The animators worked to transform Arnold from clay animation to cel animation, leading to the series premiere. The show finished production in 2001 after 5 seasons and 100 episodes. A feature film based on the series, Hey Arnold!: The Movie, was released in 2002. All five seasons have been released on DVD.

A television film continuation of the series, Hey Arnold!: The Jungle Movie, was green-lit. It picks up from where the series ended and resolved unanswered plot lines of the story. The film premiered on November 24, 2017, on Nickelodeon.

8. Danny Phantom

Danny Phantom is an American superhero animated television series created by Butch Hartman for Nickelodeon. It was produced by Billionfold Studios and distributed in Canada by Nelvana, a Canadian animation company. The series follows a teenage boy who, after an accident with an unpredictable portal between the human world and the “Ghost Zone”, becomes a human-ghost hybrid and takes on the task of saving his town, and the world, from subsequent ghost attacks using an evolving variety of supernatural powers. He is aided in his quest by his two best friends, and later, his older sister, who for most of the series’ run are among the only people who know of his double life.

The series premiered on April 3, 2004 at 9:30 p.m. with its first episode airing after the 2004 Kids’ Choice Awards, and ended on August 24, 2007, totaling 53 episodes over the course of three seasons. With five Annie Award nominations, Danny Phantom has received critical and audience acclaim, with praise primarily directed at its ensemble cast and comic book-influenced themes and storyline.

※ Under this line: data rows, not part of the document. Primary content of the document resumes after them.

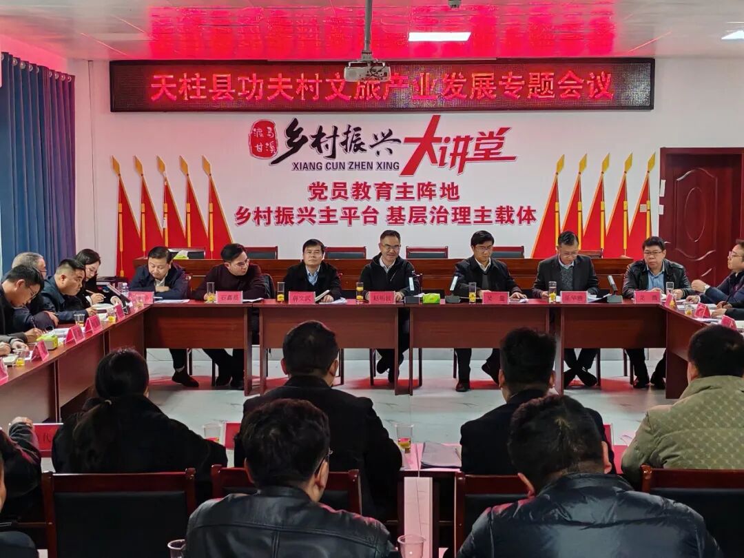 2月26日,天柱县功夫村文旅产业发展专题会在渡马镇功夫村召开,县委书记赵明波出席并讲话,县委副书记吴量主持会议,县领导蒋文武、乐华胜、龙腾、石鑫磊、曾宪华出席会议。
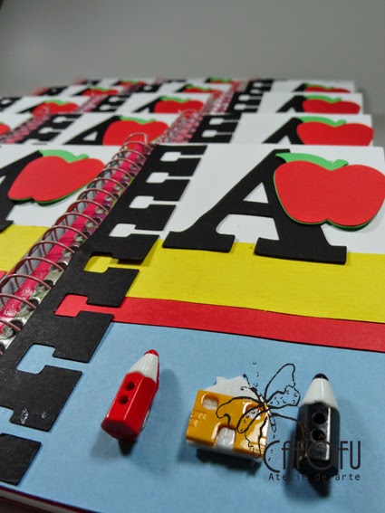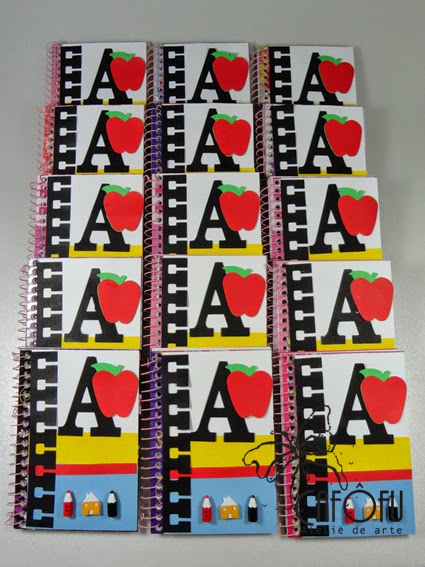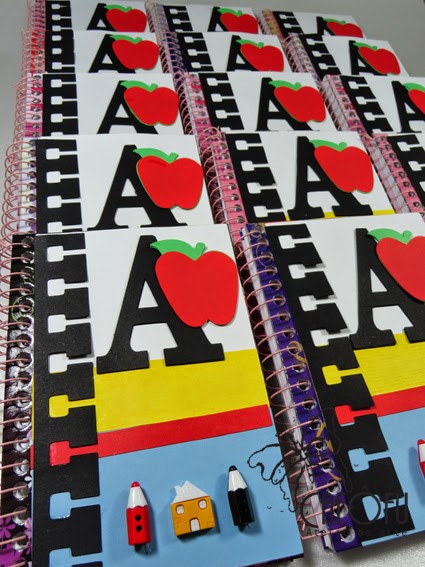 Os bloquinhos personalizados com o tema escola, cheios de detalhes fofos,
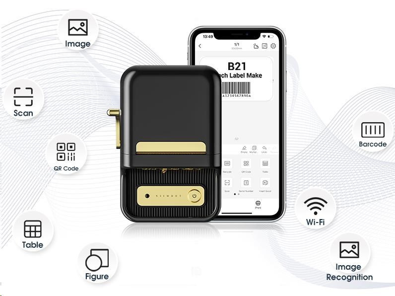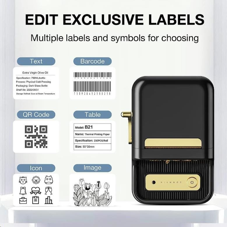 Tlačiareň štítkov Niimbot Smart B21 1AC19051601 je výkonná prenosná tlačiareň etikiet, ktorá kombinuje moderné technológie, užívateľskú jednoduchosť a skvelú kvalitu tlače. Táto termálna tlačiareň štítkov Niimbot B21 je navrhnutá tak, aby zvládla tlač presných a odolných etikiet v kancelárii, obchode, sklade aj na cestách — bez nutnosti použitia atramentu či tonera.
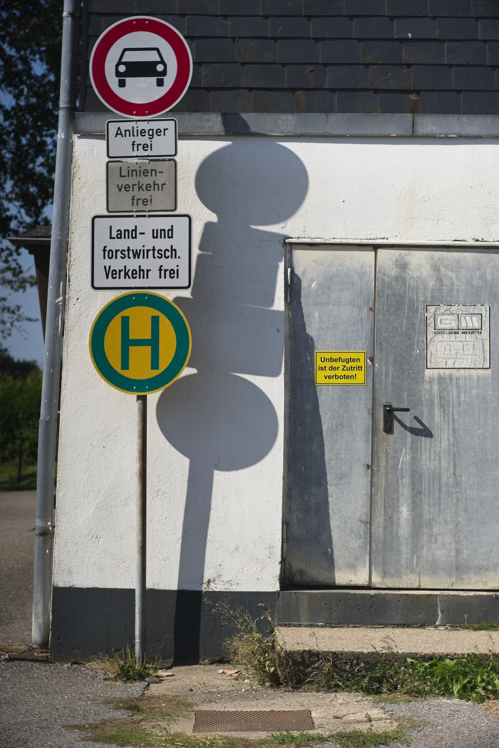 Und als Schmankerl noch eine typisch deutsche Spezialität: Eine Weggabelung mitten im Nirgendwo, aber tausend Verbotsschilder …
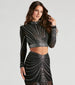 Gorgeous rhinestones wrap around your curves on this crop top featuring long sleeves with shoulder pads. a crew neck. and a cropped hem on sheer mesh fabric with partial lining. Complete the look with the matching maxi skirt for a dressy birthday dinner!Â
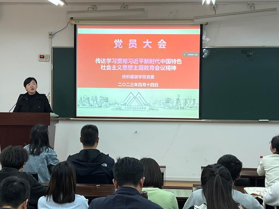 4月14日,纺织服装学院召开全体党员大会学习传达学校学习贯彻习近平新时代中国特色社会主义思想主题教育动员大会精神。学院全体师生党员参加会议,会议由学院党委书记朱君璇主持。
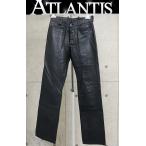 CHROME HEARTS(クロムハーツ) LTHR PANTS クロスボールボタン 5ポケット フレアニー ボタンフライ レザー ストレートパンツ ブラック【中古】【程度B】【カラーブラック】【取扱店舗BRINGアメリカ村店】
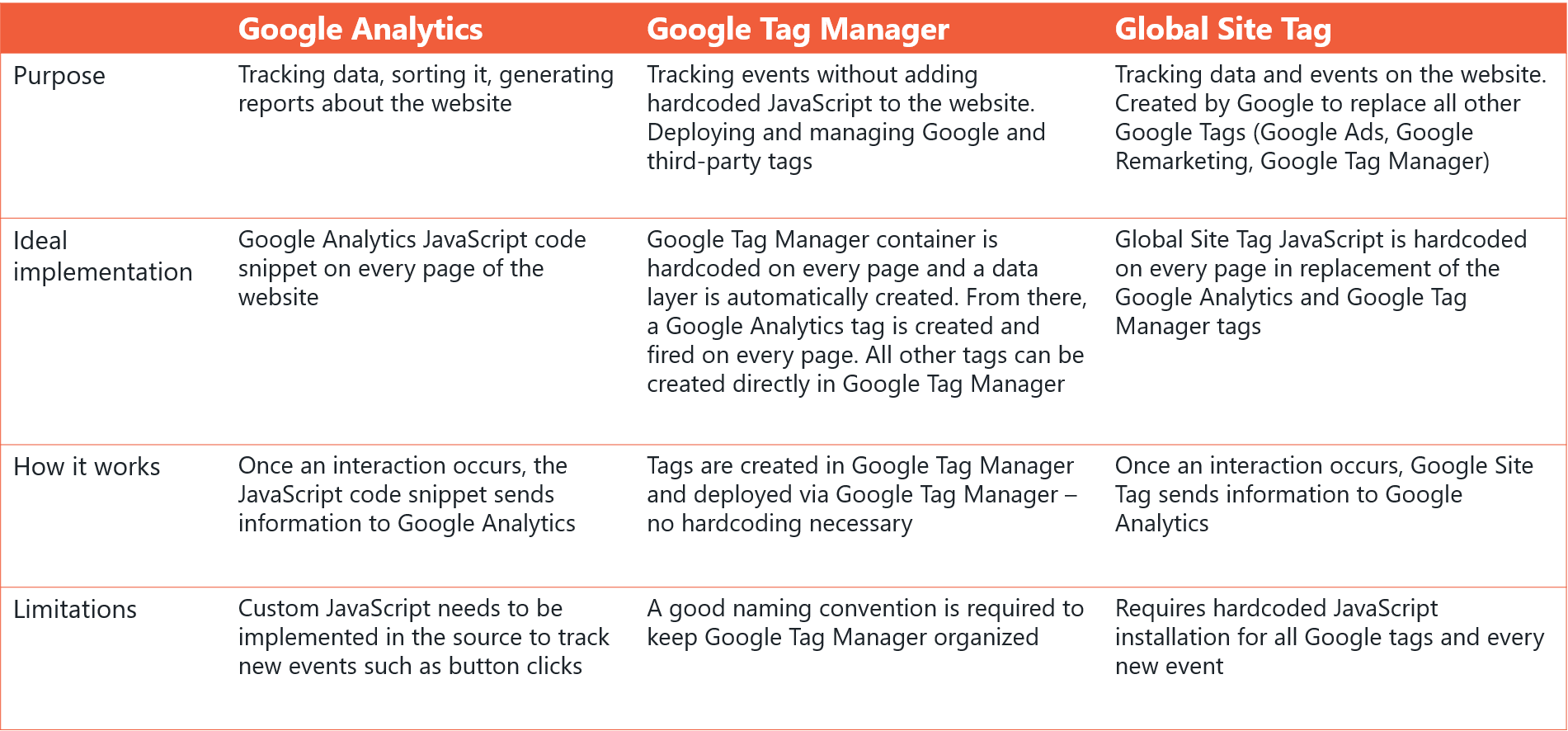 Overall, if you are implementing analytics tracking on your website for the first time and can’t use Google Tag Manager because you need complete control over the new tags that will be implemented on your website, go with Global Site Tag. Otherwise, Google Tag Manager is the way to go!
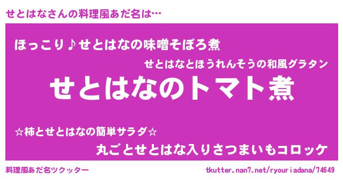 | ヒーロー風カッコイイあだ名 | 『正義の使者せとはな』『仮面セトダー』 |
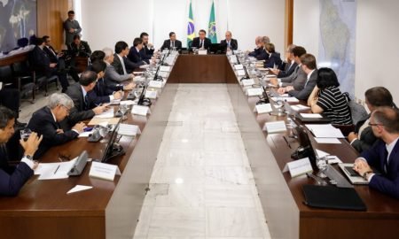 Pela segunda vez no mês e após a posse, o presidente Jair Bolsonaro e os ministros do seu governo se reuniram para...
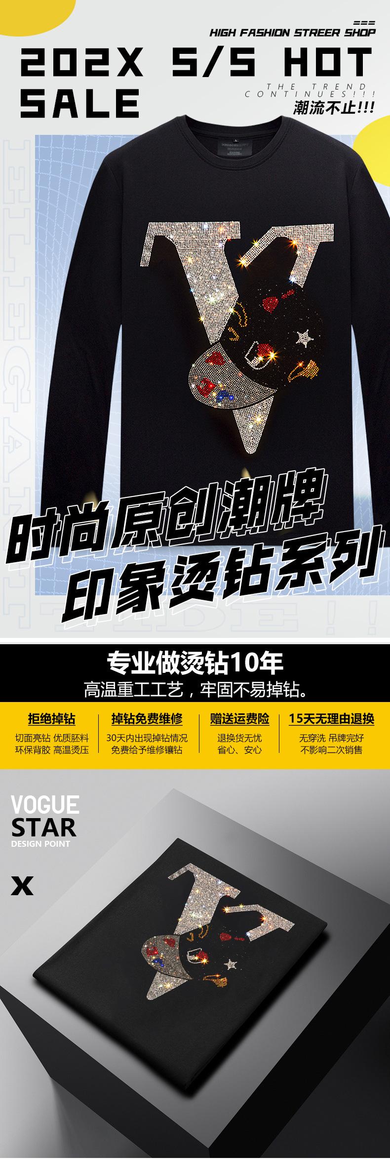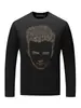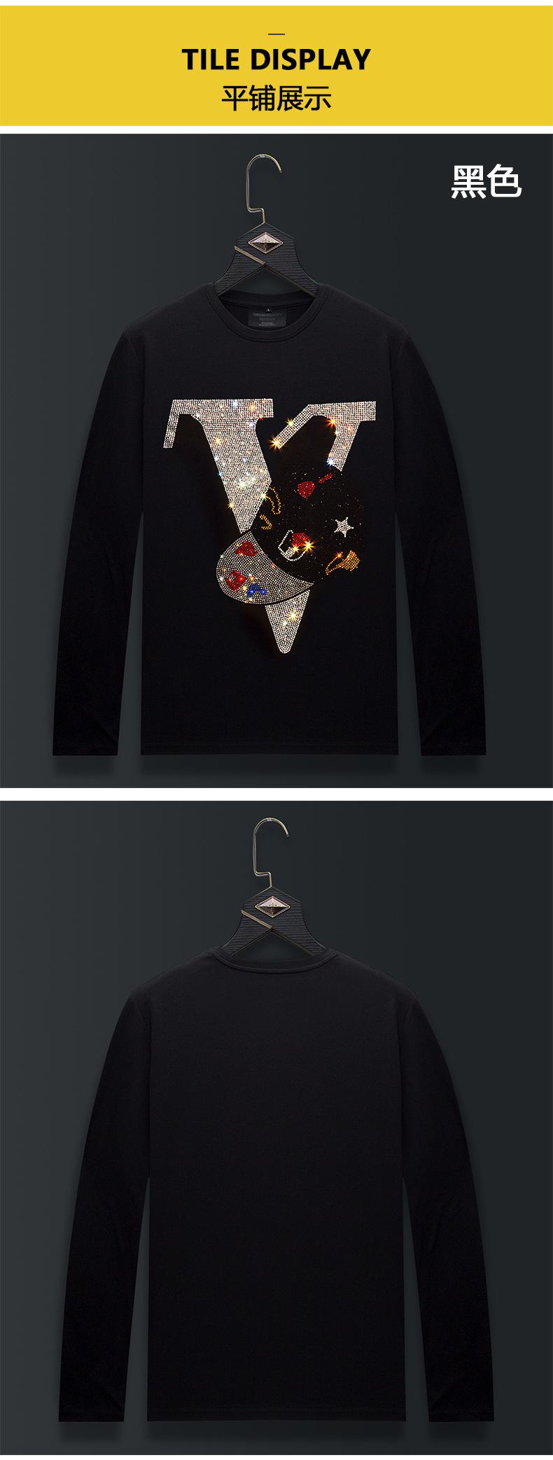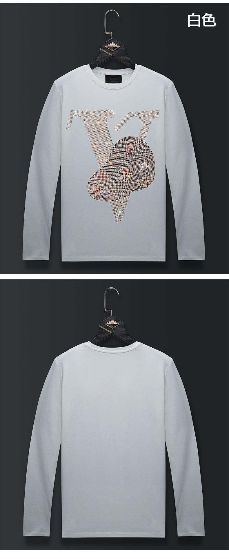 Camiseta de manga larga para hombre, nueva camiseta modal informal ajustada de moda 2023, camisa de fondo con sombrero de diamantes de imitación pesados

Hartman himself has noted that the series is arguably his most popular and acclaimed work, despite its relatively short production life compared to The Fairly OddParents. Danny Phantom has spawned video games, home video releases, toys, and various other merchandise. After the show ended, reruns continued to air on Nicktoons until December 25, 2016, and returned to premiere on NickSplat for the first time on January 16, 2019.

9. The Adventures of Jimmy Neutron: Boy Genius

The Adventures of Jimmy Neutron: Boy Genius is an American computer animated television series created by Keith Alcorn and John A. Davis. It originally aired on Nickelodeon for three seasons beginning July 20, 2002, and the final episode aired on November 25, 2006. A spin-off of the 2001 film Jimmy Neutron: Boy Genius, the show follows a genius 11-year-old from Retroville, James “Jimmy” Isaac Neutron, as he goes on adventures with his friends Carl Wheezer and Sheen Estevez.

Throughout the show, various mishaps and conflicts occur on these adventures, as Jimmy’s various inventions go awry. The series features voices of Debi Derryberry (Jimmy), Jeffrey Garcia (Sheen), and Rob Paulsen (Carl) for the three main characters.

The series has been the recipient of various nominations such as Kid’s Choice “Favorite Cartoon” in 2006 and 2007, and has won an Annie award for “outstanding achievement in animated television production produced for children” as well as a Motion Picture Sound Editors “Golden Reel award”. A second spin-off of the film, titled Planet Sheen, aired from 2010 to 2013.

10. iCarly

iCarly is an American teen sitcom created by Dan Schneider that ran on Nickelodeon from September 8, 2007 until November 23, 2012. The series stars Miranda Cosgrove, Jennette McCurdy, Nathan Kress and Jerry Trainor, and tells the story of Carly Shay, a teenager who creates her own web show called “iCarly” with her best friends Sam Puckett and Freddie Benson, in the attic of her apartment loft with her older brother Spencer Shay. The web show quickly becomes an internet phenomenon and the trio must deal with their newfound fame, while also dealing with adolescence.

During the first five seasons, the show was taped at Nickelodeon on Sunset before relocating to KTLA Studios in Hollywood for the sixth and final season. It was nominated for an Emmy award for Outstanding Children’s Program five times. The series finale, “iGoodbye”, aired on November 23, 2012.

Although the show received mixed reviews from critics, it became popular with audiences. The most watched episode was “iSaved Your Life”, which aired January 18, 2010, to 11.2 million viewers; this is the second-most-viewed telecast in Nickelodeon history.